ItaliaNascosta vuole stupire, interessare, divertire.
Uomini futuri!
Chi siete?
Eccomi qua,
tutto
dolori e lividi.
A voi io lascio in testamento il frutteto
della mia anima.
VLADIMIR VLADIMIROVIČ MAJAKOVSKIJ,
Poesie, Garzanti, Milano, 1972, pag.109
Epilogo
(Un prologo alternativo)
Da La Repubblica – Bologna, edizione del 07/02/2007, articolo di Michele Smargiassi¹:
«Chiusi io Radio Alice ma ora la rimpiango.» Il marzo del superpoliziotto Lomastro. «Tentai di salvarla con una chiamata di preavviso, ma mi chiusero il telefono in faccia.»
La signora Lomastro era un'ascoltatrice assidua e fedele di Radio Alice. «Nel ´77 non c'erano i cellulari. Quando voleva sapere dov'ero, si sintonizzava. Se davano notizia di manifestazioni o scontri, era certa che io ero lì». A un certo punto, però, la signora si dovette arrangiare altrimenti, perché fu proprio suo marito, Ciro Lomastro, allora capo della Squadra mobile di Bologna, a chiudere per sempre la voce nell´etere del Movimento. «Inevitabile, ma fu un peccato», sospira quasi nostalgico, non senza gustare la sorpresa dell´intervistatore. Ma come, dottor Lomastro: lei era il poliziotto numero uno, era l´antagonista principale della protesta. La bestia nera dei cortei. «Ma no, esagerazioni, etichette. Io Radio Alice provai a salvarla. Bisogna che le racconti la vera storia». È stato questore, poi prefetto, in mezza Italia, a Napoli mise in cella 240 netturbini, ad Agrigento litigò col vescovo che proteggeva i palazzinari della valle dei Templi, non si può dire che il dottor Lomastro ne abbia viste poche nella sua carriera. Ma i suoi vent´anni a Bologna, dal ´68 all´88, sono quelli che non scorderà mai. Infatti è tornato qui da pensionato, e nello studio austero di casa sua, in pieno centro storico, col nome inciso sulla targa d´ottone sopra la scrivania, forse un souvenir di qualche suo ufficio in prefettura, accetta per la prima volta di raccontare il ´77 bolognese visto, letteralmente, dall´altra parte della barricata.
Non può negare che li mandò lei, i poliziotti, a fare irruzione a Radio Alice.
«Li mandai, ma non fu un'irruzione. Infatti, una mezz'ora prima telefonai alla radio. Io, personalmente. Per avvisare. Non racconto storie, c´è ancora la registrazione della mia telefonata, si può ascoltare anche nel film».
Avvisare di cosa?
«Che saremmo arrivati. Mi presentai, dissi: apriteci e state calmi, è solo una perquisizione. Ma quella ragazza che mi rispose si mise subito a urlare: Arriva la polizia! Arrivano!

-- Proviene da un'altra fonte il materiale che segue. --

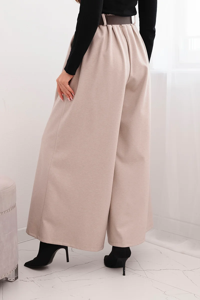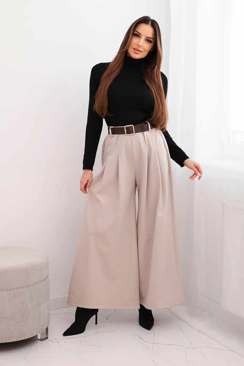 Spodnie damskie z szeroką nogawką i paskiem fango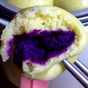 醒好分成一个个小面团,压成饺子皮,放入紫薯馅,包起来揉成小团团,放入电饭煲蒸二三十分钟。

Sentii del gran trambusto, poi mi chiuse il telefono senza dire altro».
Così la perquisizione diventò irruzione.
«Ma no. Se avessi voluto espugnare con la forza quell´appartamento, mica avrei telefonato per avvertire, no? I miei uomini bussarono».
Avevano la mano un po' pesante, allora.
«Avevo scelto con cura gli uomini da mandare. Poliziotti d´esperienza, padri di famiglia, non manganellatori. Prima bussarono. Ma quelli che erano dentro non vollero aprire, allora dopo un po’ entrarono sfondando la porta».
E addio Alice.
«Un peccato. Ho sperato a lungo che riprendesse le trasmissioni, magari in un momento più tranquillo. Penso che il movimento studentesco avesse diritto ad uno sfogo di comunicazione. La ascoltavano in tanti, quella radio, non faceva solo agitazione, mandavano dibattiti, musica, non era fatta male, era una vera novità... Ogni tanto, è vero, c´era qualche nota stonata».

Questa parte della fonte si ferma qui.